• [ASSIGNMENT] Transcribe the listing exactly; drop the images.

• [DATA PROVIDED]
--*--
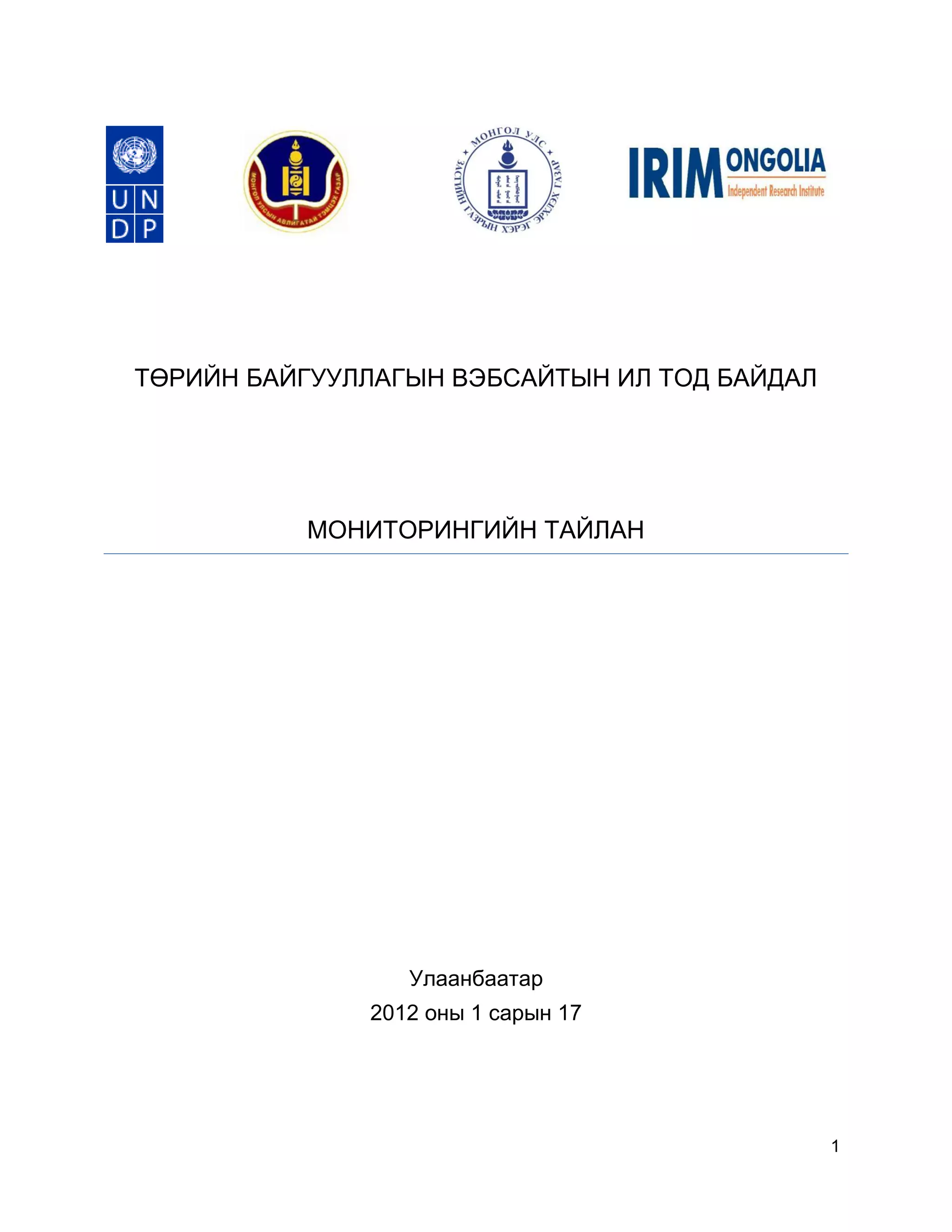 нээлттэй байдал вэб орчинд хийсэн мониторингийн тайлан 2010." Улаанбаатар, 2010.
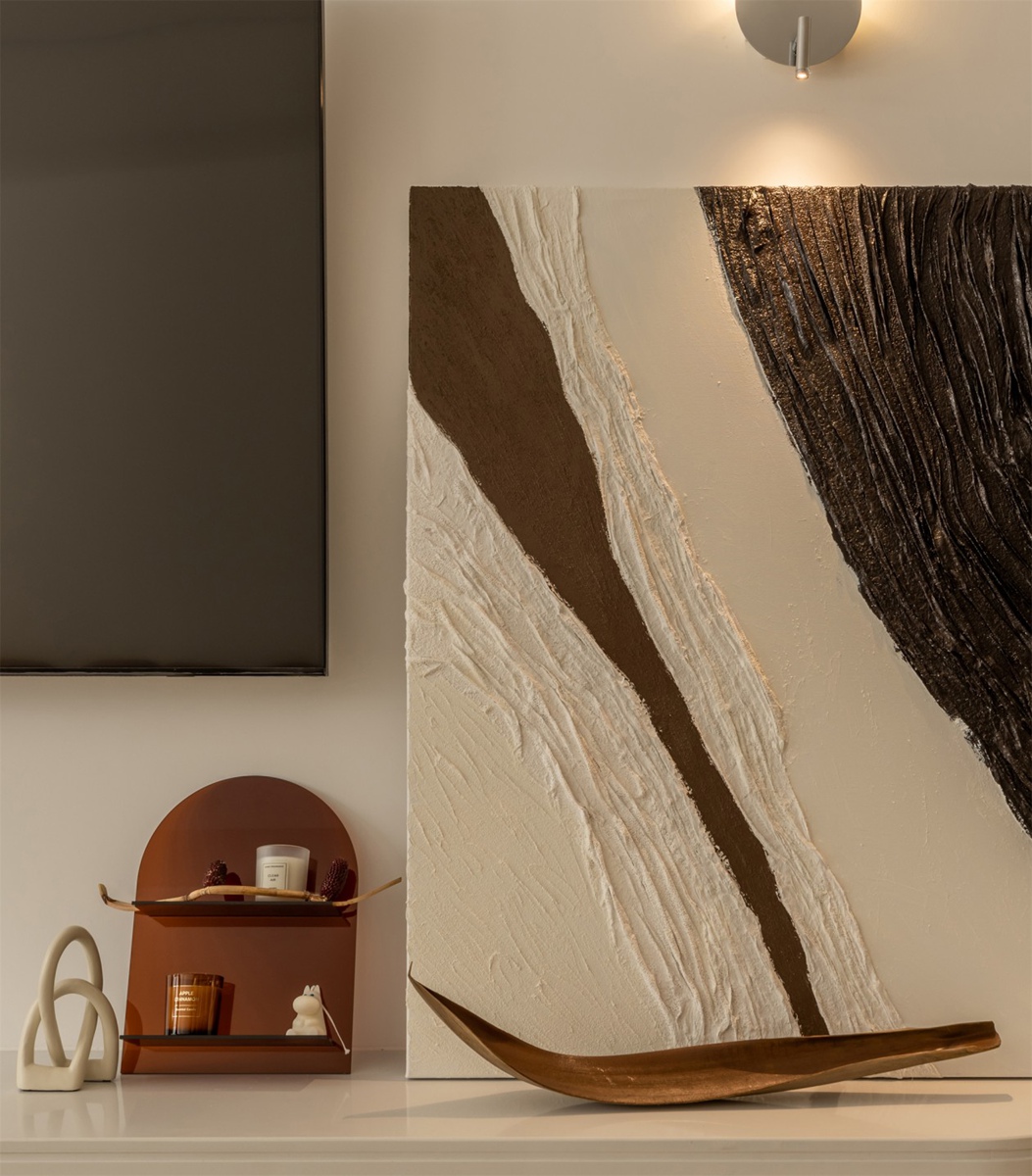 核心主张:以暖棕肌理为笔,复古诗意为墨,在空间的每一处褶皱与纹路里,书写“慢下来,与生活深情相拥”的日常哲学——让家成为能盛下疲惫、也容得下浪漫的“温暖容器”。
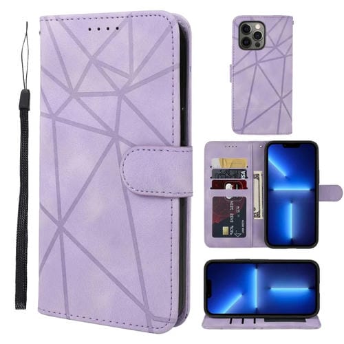Funda de Piel iPhone 13 Pro Max Líneas Geométricas Tacto Sedoso (Morado)
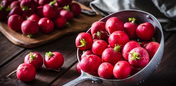 Se a sua salada de todos os dias precisa de um novo astral, incluir algumas fatias de rabanete cru é uma boa para renovar o sabor, conferindo ao prato o ardidinho e a crocância bem típicos desse vegetal. O rabanete está repleto de nutrientes: vitamina C, potássio, cálcio, magnésio, fósforo, cobre e zinco, além de fibras e antioxidantes. É pouco calórico, com apenas 14 kcal em 100 g. Faz bem para a pele - O rabanete contém bastante água, o que contribui com a saúde da pele. A vitamina C presente no alimento tem potencial antioxidante e previne o envelhecimento precoce, além de ser importante para a formação do colágeno. Também melhora a cicatrização de feridas. Aumenta a saciedade - Por ser rico em água e conter fibras, o rabanete confere saciedade, fazendo com que você se sinta "cheio" mais rapidamente e coma menos. Indiretamente, isso pode contribuir com o controle ou a perda de peso. |
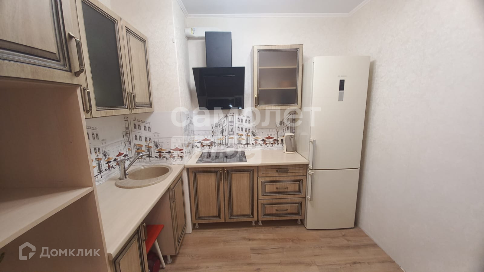 Их  техники  в кухне остается -вытяжка ,  холодильник ,  встроенная  ,электрическая  поверхность.
--*--
• [SOLUTION TO THE PROBLEM]
 нээлттэй байдал вэб орчинд хийсэн мониторингийн тайлан 2010." Улаанбаатар, 2010.
 核心主张:以暖棕肌理为笔,复古诗意为墨,在空间的每一处褶皱与纹路里,书写“慢下来,与生活深情相拥”的日常哲学——让家成为能盛下疲惫、也容得下浪漫的“温暖容器”。
Funda de Piel iPhone 13 Pro Max Líneas Geométricas Tacto Sedoso (Morado)
 Se a sua salada de todos os dias precisa de um novo astral, incluir algumas fatias de rabanete cru é uma boa para renovar o sabor, conferindo ao prato o ardidinho e a crocância bem típicos desse vegetal. O rabanete está repleto de nutrientes: vitamina C, potássio, cálcio, magnésio, fósforo, cobre e zinco, além de fibras e antioxidantes. É pouco calórico, com apenas 14 kcal em 100 g. Faz bem para a pele - O rabanete contém bastante água, o que contribui com a saúde da pele. A vitamina C presente no alimento tem potencial antioxidante e previne o envelhecimento precoce, além de ser importante para a formação do colágeno. Também melhora a cicatrização de feridas. Aumenta a saciedade - Por ser rico em água e conter fibras, o rabanete confere saciedade, fazendo com que você se sinta "cheio" mais rapidamente e coma menos. Indiretamente, isso pode contribuir com o controle ou a perda de peso. |
 Их  техники  в кухне остается -вытяжка ,  холодильник ,  встроенная  ,электрическая  поверхность.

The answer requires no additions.